Second, mineral processors in the Democratic Republic of the Congo (DRC) copperbelt and Zambia signed corporate Power Purchase Agreements (PPAs) priced against hard-currency export receivables. Third, captive solar (on-site generation that bypasses the utility entirely) reached an estimated 1.3 GW of installed capacity (International Finance Corporation Captive Solar Annex, FY2025), concentrated in South Africa but accelerating in Nigeria, Kenya, and Ghana.
Every megawatt in that count is a megawatt that did not enter the listed Genco stack. The logic is the same as the dispatch-bound finding inside the cohort: the counterparty pays. A hyperscaler signs a corporate PPA at $0.10–$0.14/kWh against contracted load. A mineral processor signs at $0.07–$0.09/kWh against export receivables. The state utility dispatches against unfunded subsidies. The marginal investor is not waiting for the utility offtake to resolve itself.
This converges with the IPP Arrears reading from the demand side. Twelve African utility offtakers carry $8.64 billion in disclosed IPP arrears at Q1 2026; five Tier 3 utilities account for $5.78 billion of that. The same fiscal constraint that prevents the utility from paying full freight also prevents it from dispatching at full availability. The two are the same problem seen from opposite sides of the meter. Six gencos running below 70% PLF and twelve utilities carrying $8.6 billion in arrears are the same equation, written twice.
What We’re Watching
Three things will move the cohort readings over the next twelve months. First, TAQA Morocco and HCB will publish FY2025 audited results in Q3 2026; that will tell us whether the top-to-bottom gap in the cohort is narrowing or widening once everyone is on the same fiscal year. Second, Geregu’s FY2025 availability figure: a step up from 78% would close the cohort’s only availability-bound case and reinforce dispatch as the binding constraint across all six. Third, Nigeria’s eligible-customer reforms (which let large industrial buyers contract gencos directly) and Kenya’s wheeling tariff (which lets generators move power across the grid for a fee) both open paths for dispatch-bound MW to find non-utility buyers without new build.
On the disclosure side, the cohort is sufficient for FY2024–2025 utilisation work but not yet for granular signal extraction. Forced and planned outage hours are not disclosed in any of the eight annual reports examined for this edition. Plant Availability is the substitute. We expect this disclosure gap to narrow over the next two editions as African regulator-mandated Key Performance Indicator (KPI) templates mature.
The Bottom Line
The 47-point PLF spread across six African listed gencos is not a story about which gencos are well run. The five that dispatch below 75% are not poorly operated; they are well-operated assets running into an offtake ceiling the grid imposes. The one Genco that dispatches at 99% has the cohort’s lowest availability, and that gap is the only one a balance-sheet capex line can credibly close.

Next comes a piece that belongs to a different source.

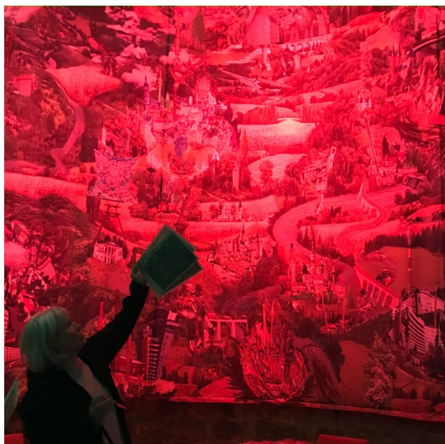
Licht und Farben simulieren den Tageslauf.

Mit den Kompositionen von Falk Zenker und Lichtinstallationen von Mario Bösemann bekommt das unendliche Rund des Paoramabildes einen dramaturgischen Rahmen.
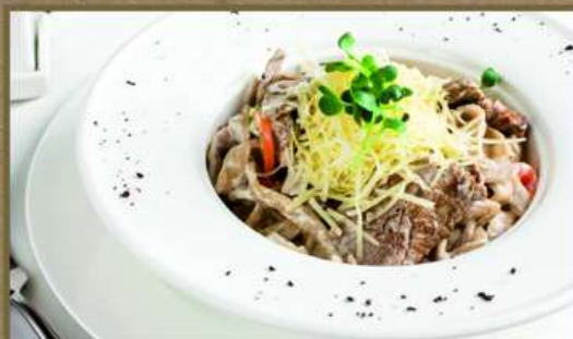
ФЕТТУЧИНИ С ГОВЯДИНОЙ 450 250

For this edition, the utilisation reading sits opposite our IPP Arrears Tracker. The utility’s inability to pay shows up here as the Genco’s inability to dispatch. Underwriting a PLF lift without first underwriting who the Genco will sell to is underwriting the wrong variable. The next decade of returns on Africa’s listed Gencos will be set by their buyers, not by how much power they can theoretically produce.